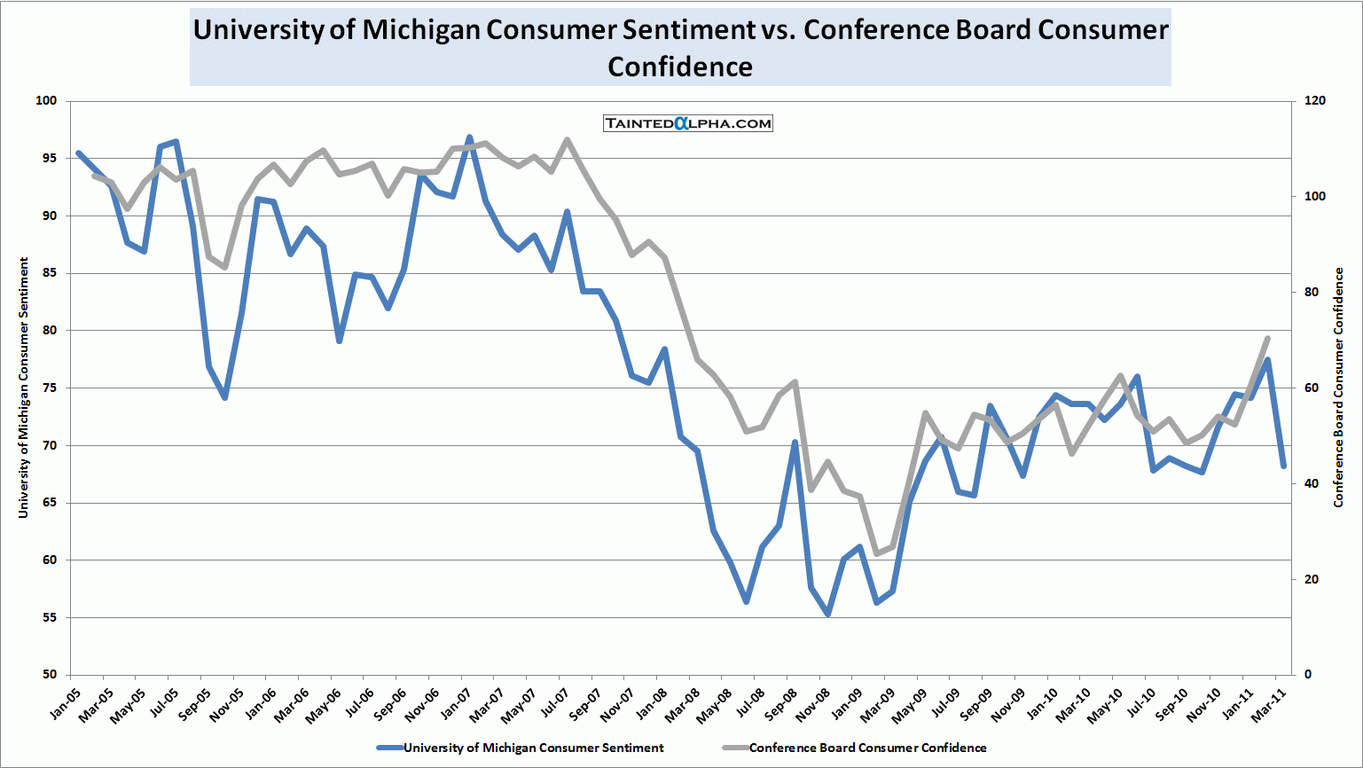 Conference Board Consumer Confidence, University of Michigan/Reuters Consumer Sentiment
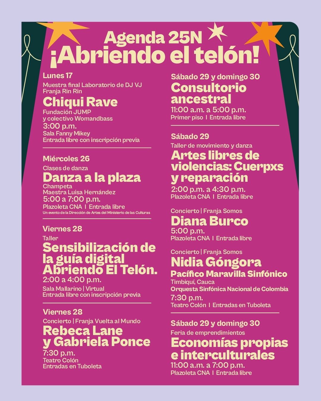 Además, habrá clases de danza con Danza a la Plaza que será con entrada libre; se ofrecerá un taller de movimiento y danza, Artes libres de violencias: Cuerpxs y reparación y el taller híbrido (presencial y virtual) de Sensibilización sobre la guía digital ¡Abriendo el telón!, acompañado de la Secretaría Distrital de la Mujer donde se expondrán metodologías para la prevención del feminicidio. Este último se realizará el viernes 28 de noviembre de 2:00 a 4:00 p.m. en la Sala Mallarino del CNA. La entrada será libre, con inscripción previa.
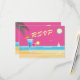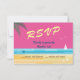 This colorful pink, summer wedding RSVP is accented with a bright sun, seagulls, blue water, and a couple of tropical drinks. The type gives this RSVP a retro feel, and keeps it fun and playful, making it perfect for the beach, Caribbean, Hawaiian, seaside, tropical or summer wedding.
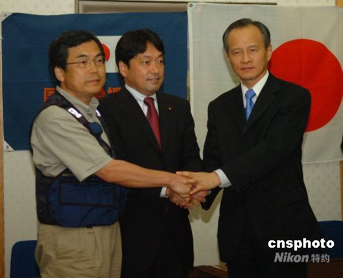 6月2日晚間,日本國(guó)際緊急援救隊(duì)結(jié)束為期兩周的在中國(guó)汶川地震災(zāi)區(qū)醫(yī)療援助活動(dòng)返回東京,受到中國(guó)駐日大使崔天凱等中國(guó)駐日使館官員、在日華人華僑留學(xué)生的熱烈歡迎。圖為崔天凱與前來(lái)迎接醫(yī)療隊(duì)歸國(guó)的日本外務(wù)副大臣小野寺五典(中)、醫(yī)療隊(duì)團(tuán)長(zhǎng)田尻和宏(左)。中新社發(fā) 朱沿華 攝
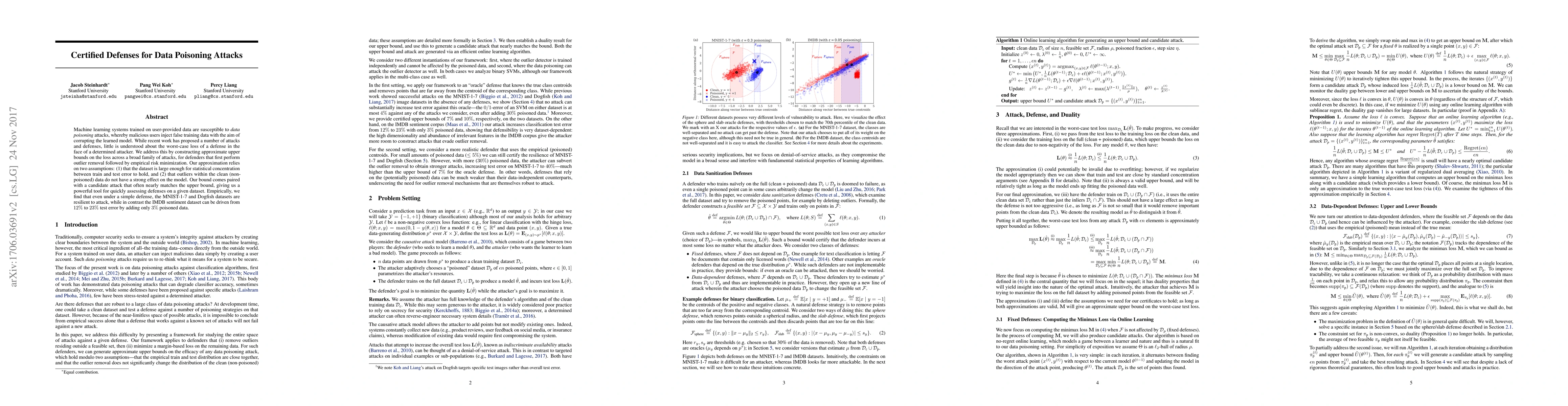 Machine learning systems trained on user-provided data are susceptible to data poisoning attacks, whereby malicious users inject false training data with the aim of corrupting the learned model. While recent work has proposed a number of attacks and defenses, little is understood about the worst-case loss of a defense in the face of a determined attacker. We address this by constructing approximate upper bounds on the loss across a broad family of attacks, for defenders that first perform outlier removal followed by empirical risk minimization. Our approximation relies on two assumptions: (1) that the dataset is large enough for statistical concentration between train and test error to hold, and (2) that outliers within the clean (non-poisoned) data do not have a strong effect on the model. Our bound comes paired with a candidate attack that often nearly matches the upper bound, giving us a powerful tool for quickly assessing defenses on a given dataset. Empirically, we find that even under a simple defense, the MNIST-1-7 and Dogfish datasets are resilient to attack, while in contrast the IMDB sentiment dataset can be driven from 12% to 23% test error by adding only 3% poisoned data.
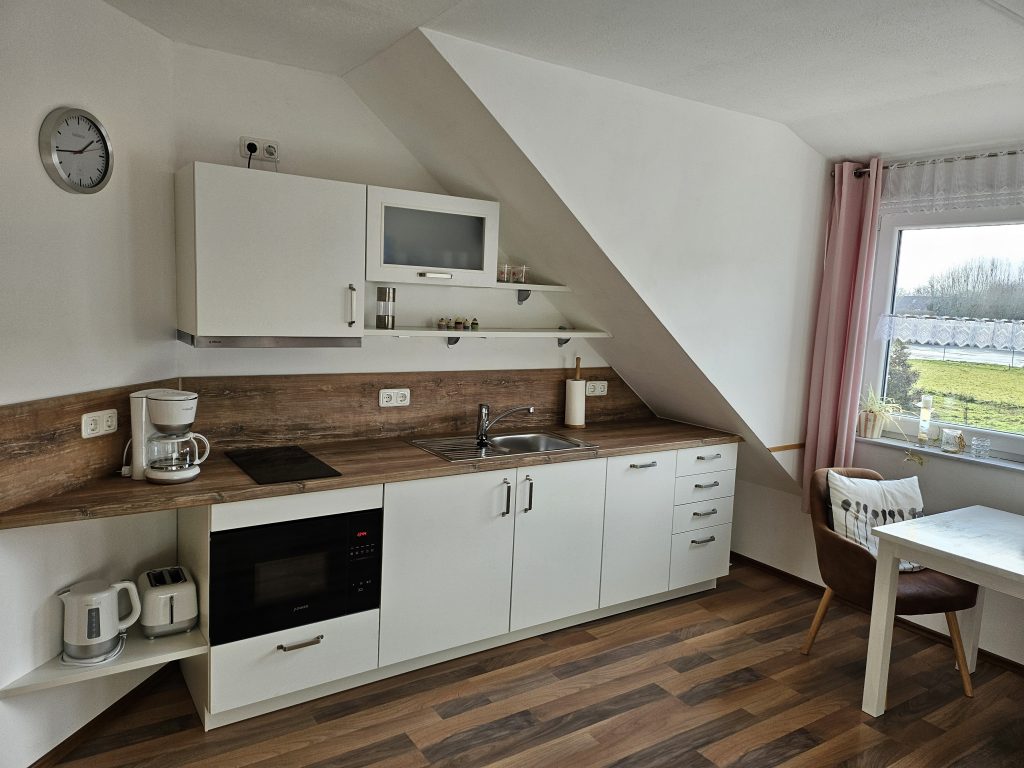 Die Wohnung bietet eine vollständig ausgestattete Küche und gemütliche Wohnräume.
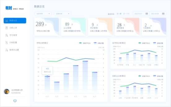 【数据总览】将学生的面试训练数据按照不同维度,不同颗粒度进行划分汇总,直观的呈现总体训练情况,便于管理人员了解学生训练的整体情况和汇总数据用于向上汇报。
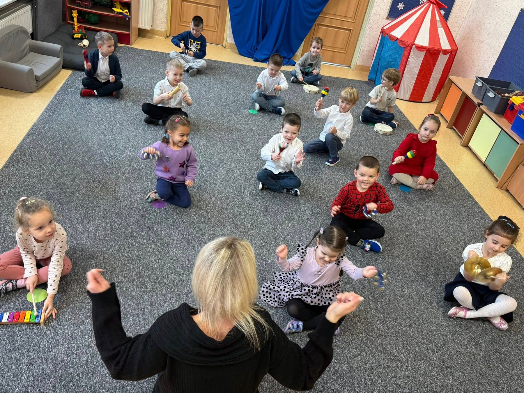 Zajęcia umuzykalniająco-rytmiczne realizowane w ramach projektu ,,Podniesienie jakości edukacji w przedszkolach samorządowych na terenie Gminy Miejskiej
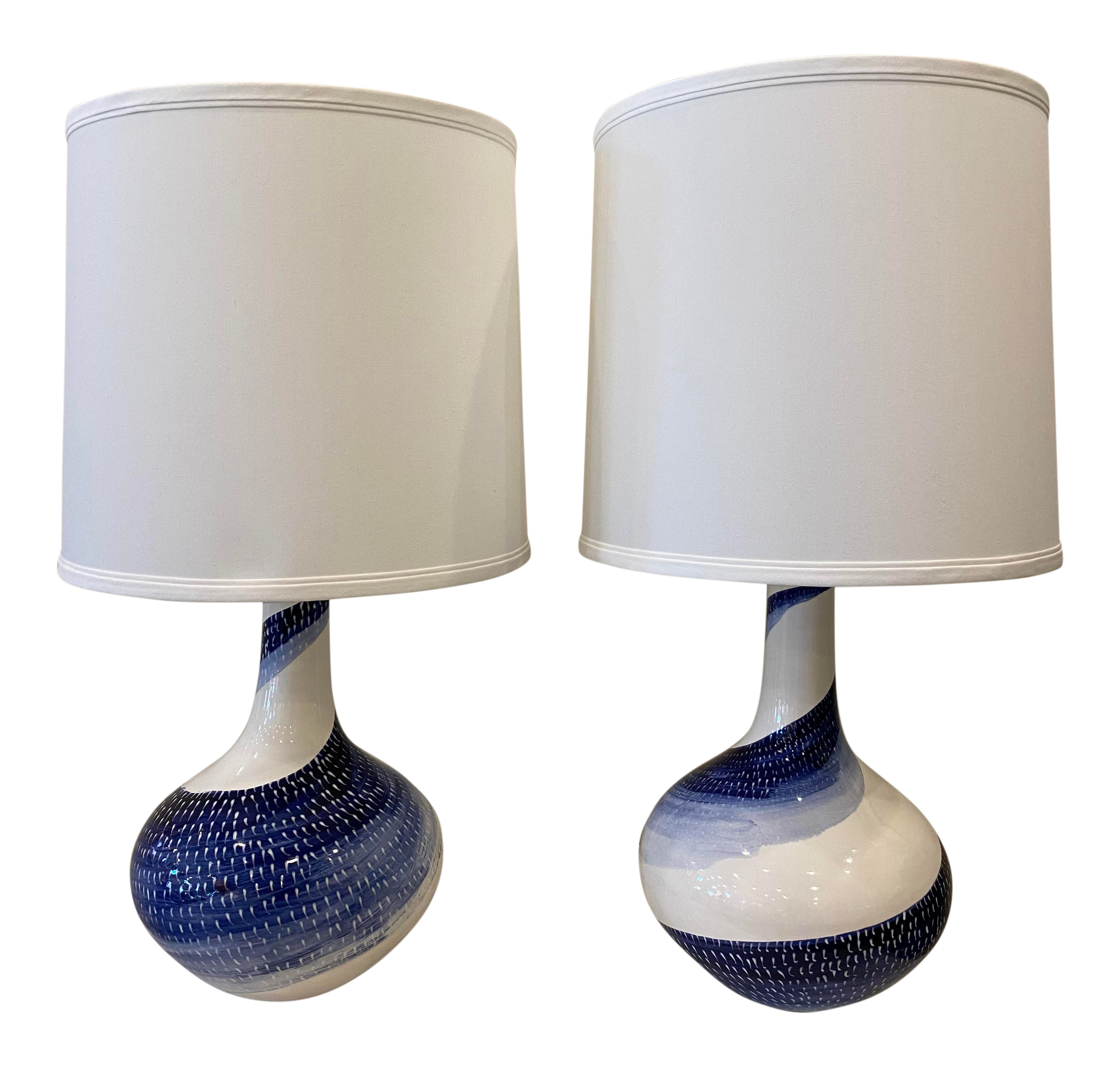 Blue And White Porcelain Lamps Pleated Shades A Pair Chairish
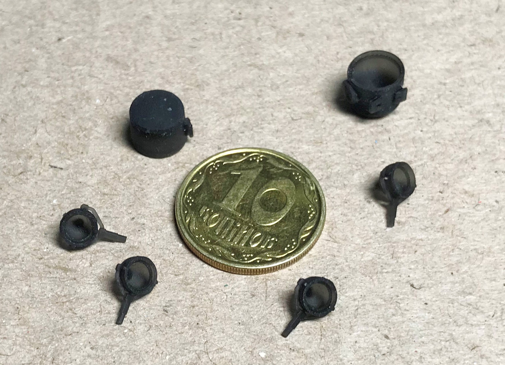 1. Прожектор та буферні ліхтарі для локомотивів (переважно паровозів) 40-60х років. Буде комплект – один прожектор і чотири буферні ліхтарі – два для паровоза та два – для тендеру. У корпусах є отвори для тонкого дроту при створенні ліхтарів, що світяться. Скло, на жаль, поки що замовити не вдалося, доведеться робити самим. Кількість обмежена, поки що лише пробна партія. Пластик, сказали, міцний, отримаю – перевірю. Раніше замовляв з такого інші деталі, то вони не такі крихкі, як зі звичайного фотополімеру. Отже, якщо когось зацікавить, пишіть у особисті повідомлення.
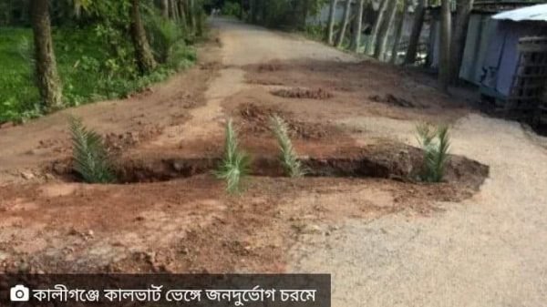 কালীগঞ্জে কালভার্ট ভেঙ্গে জনদুর্ভোগ চরমে।

---

With the pictures left out, return all the material above exactly.

Task result:
 Conference Board Consumer Confidence, University of Michigan/Reuters Consumer Sentiment
 Además, habrá clases de danza con Danza a la Plaza que será con entrada libre; se ofrecerá un taller de movimiento y danza, Artes libres de violencias: Cuerpxs y reparación y el taller híbrido (presencial y virtual) de Sensibilización sobre la guía digital ¡Abriendo el telón!, acompañado de la Secretaría Distrital de la Mujer donde se expondrán metodologías para la prevención del feminicidio. Este último se realizará el viernes 28 de noviembre de 2:00 a 4:00 p.m. en la Sala Mallarino del CNA. La entrada será libre, con inscripción previa.
 This colorful pink, summer wedding RSVP is accented with a bright sun, seagulls, blue water, and a couple of tropical drinks. The type gives this RSVP a retro feel, and keeps it fun and playful, making it perfect for the beach, Caribbean, Hawaiian, seaside, tropical or summer wedding.
 6月2日晚間,日本國(guó)際緊急援救隊(duì)結(jié)束為期兩周的在中國(guó)汶川地震災(zāi)區(qū)醫(yī)療援助活動(dòng)返回東京,受到中國(guó)駐日大使崔天凱等中國(guó)駐日使館官員、在日華人華僑留學(xué)生的熱烈歡迎。圖為崔天凱與前來(lái)迎接醫(yī)療隊(duì)歸國(guó)的日本外務(wù)副大臣小野寺五典(中)、醫(yī)療隊(duì)團(tuán)長(zhǎng)田尻和宏(左)。中新社發(fā) 朱沿華 攝
 Machine learning systems trained on user-provided data are susceptible to data poisoning attacks, whereby malicious users inject false training data with the aim of corrupting the learned model. While recent work has proposed a number of attacks and defenses, little is understood about the worst-case loss of a defense in the face of a determined attacker. We address this by constructing approximate upper bounds on the loss across a broad family of attacks, for defenders that first perform outlier removal followed by empirical risk minimization. Our approximation relies on two assumptions: (1) that the dataset is large enough for statistical concentration between train and test error to hold, and (2) that outliers within the clean (non-poisoned) data do not have a strong effect on the model. Our bound comes paired with a candidate attack that often nearly matches the upper bound, giving us a powerful tool for quickly assessing defenses on a given dataset. Empirically, we find that even under a simple defense, the MNIST-1-7 and Dogfish datasets are resilient to attack, while in contrast the IMDB sentiment dataset can be driven from 12% to 23% test error by adding only 3% poisoned data.
 Die Wohnung bietet eine vollständig ausgestattete Küche und gemütliche Wohnräume.
 【数据总览】将学生的面试训练数据按照不同维度,不同颗粒度进行划分汇总,直观的呈现总体训练情况,便于管理人员了解学生训练的整体情况和汇总数据用于向上汇报。
 Zajęcia umuzykalniająco-rytmiczne realizowane w ramach projektu ,,Podniesienie jakości edukacji w przedszkolach samorządowych na terenie Gminy Miejskiej
 Blue And White Porcelain Lamps Pleated Shades A Pair Chairish
 1. Прожектор та буферні ліхтарі для локомотивів (переважно паровозів) 40-60х років. Буде комплект – один прожектор і чотири буферні ліхтарі – два для паровоза та два – для тендеру. У корпусах є отвори для тонкого дроту при створенні ліхтарів, що світяться. Скло, на жаль, поки що замовити не вдалося, доведеться робити самим. Кількість обмежена, поки що лише пробна партія. Пластик, сказали, міцний, отримаю – перевірю. Раніше замовляв з такого інші деталі, то вони не такі крихкі, як зі звичайного фотополімеру. Отже, якщо когось зацікавить, пишіть у особисті повідомлення.
 কালীগঞ্জে কালভার্ট ভেঙ্গে জনদুর্ভোগ চরমে।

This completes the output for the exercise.